=== The data ===

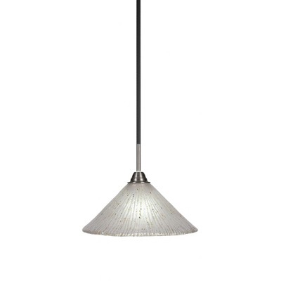 Collection: Paramount, Material: Steel, Finish Color: Matte Black/Brushed Nickel, Width: 5.5", Height: 15.25", Lamping Type: Incandescent, Number Of Bulbs: 1, Wattage: 100 Watts, Dimmable: No, Moisture Rating: Dry Rated Desc: Paramount 1 Light Mini Pendant In Brushed Nickel Finish With 5.5" Black Fusion Glass, Material: Steel, Finish Color: Matte Black/Brushed Nickel, Width: 5.5", Height: 15.25", Lamping Type: Incandescent, Number Of Bulbs: 1, Wattage: 100 Watts, Dimmable: No, Moisture Rating: Dry Rated-Paramount - 1 Light Mini Pendant-15.25 Inches Tall and 5.5 Inches Wide-Matte Black/Brushed Nickel Finish-Black Fusion Glass Color
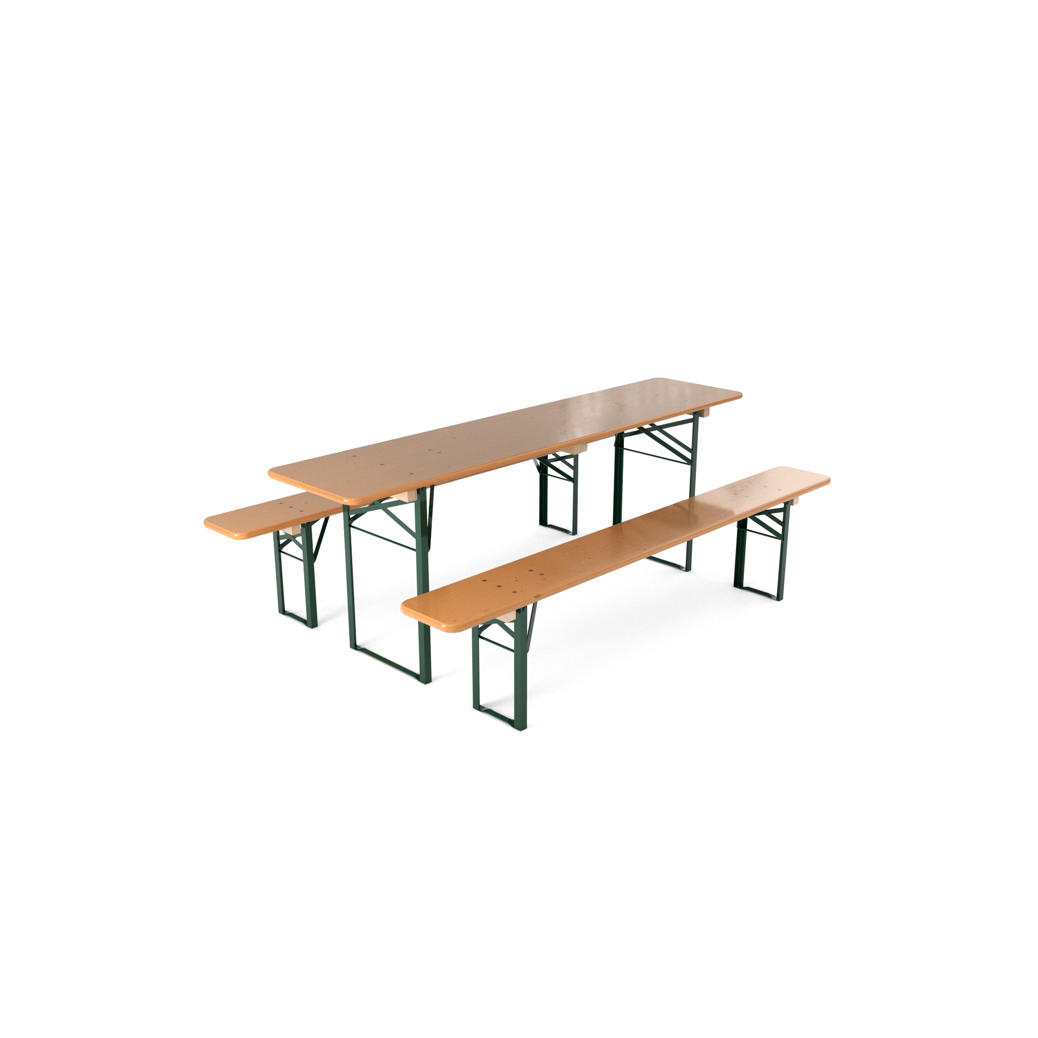 Original GWW-Festzeltgarnituren werden aus ausgewähltem nordischem Fichtenholz gefertigt mit 24 mm starken Tischplatten und besonders robusten 28 mm Bankplatten mit durchgängig geschweißten Gestellen aus stabilem Winkelstahl kombiniert – für maximale Stabilität und jahrelange Nutzung.
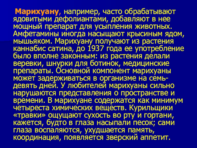 мощный препарат для усыпления животных. Амфетамины иногда насыщают крысиным ядом, мышьяком. Марихуану получают из растения каннабис сатина, до 1937 года ее употребление было вполне законным: из растения делали веревки, шнурки для ботинок, медицинские препараты. Основной компонент марихуаны может задерживаться в организме на семь-девять дней. У любителей марихуаны сильно нарушаются представления о пространстве и времени. В марихуане содержатся как минимум четыреста химических веществ. Курильщики «травки» ощущают сухость во рту и гортани, кажется, будто в глаза насыпали песок; сами глаза воспаляются, ухудшается память, координация, появляется зверский аппетит.

=== Description of the task ===
Return the data exactly. Do not carry over any images.

=== Solved problem ===
 Collection: Paramount, Material: Steel, Finish Color: Matte Black/Brushed Nickel, Width: 5.5", Height: 15.25", Lamping Type: Incandescent, Number Of Bulbs: 1, Wattage: 100 Watts, Dimmable: No, Moisture Rating: Dry Rated Desc: Paramount 1 Light Mini Pendant In Brushed Nickel Finish With 5.5" Black Fusion Glass, Material: Steel, Finish Color: Matte Black/Brushed Nickel, Width: 5.5", Height: 15.25", Lamping Type: Incandescent, Number Of Bulbs: 1, Wattage: 100 Watts, Dimmable: No, Moisture Rating: Dry Rated-Paramount - 1 Light Mini Pendant-15.25 Inches Tall and 5.5 Inches Wide-Matte Black/Brushed Nickel Finish-Black Fusion Glass Color
 Original GWW-Festzeltgarnituren werden aus ausgewähltem nordischem Fichtenholz gefertigt mit 24 mm starken Tischplatten und besonders robusten 28 mm Bankplatten mit durchgängig geschweißten Gestellen aus stabilem Winkelstahl kombiniert – für maximale Stabilität und jahrelange Nutzung.
 мощный препарат для усыпления животных. Амфетамины иногда насыщают крысиным ядом, мышьяком. Марихуану получают из растения каннабис сатина, до 1937 года ее употребление было вполне законным: из растения делали веревки, шнурки для ботинок, медицинские препараты. Основной компонент марихуаны может задерживаться в организме на семь-девять дней. У любителей марихуаны сильно нарушаются представления о пространстве и времени. В марихуане содержатся как минимум четыреста химических веществ. Курильщики «травки» ощущают сухость во рту и гортани, кажется, будто в глаза насыпали песок; сами глаза воспаляются, ухудшается память, координация, появляется зверский аппетит.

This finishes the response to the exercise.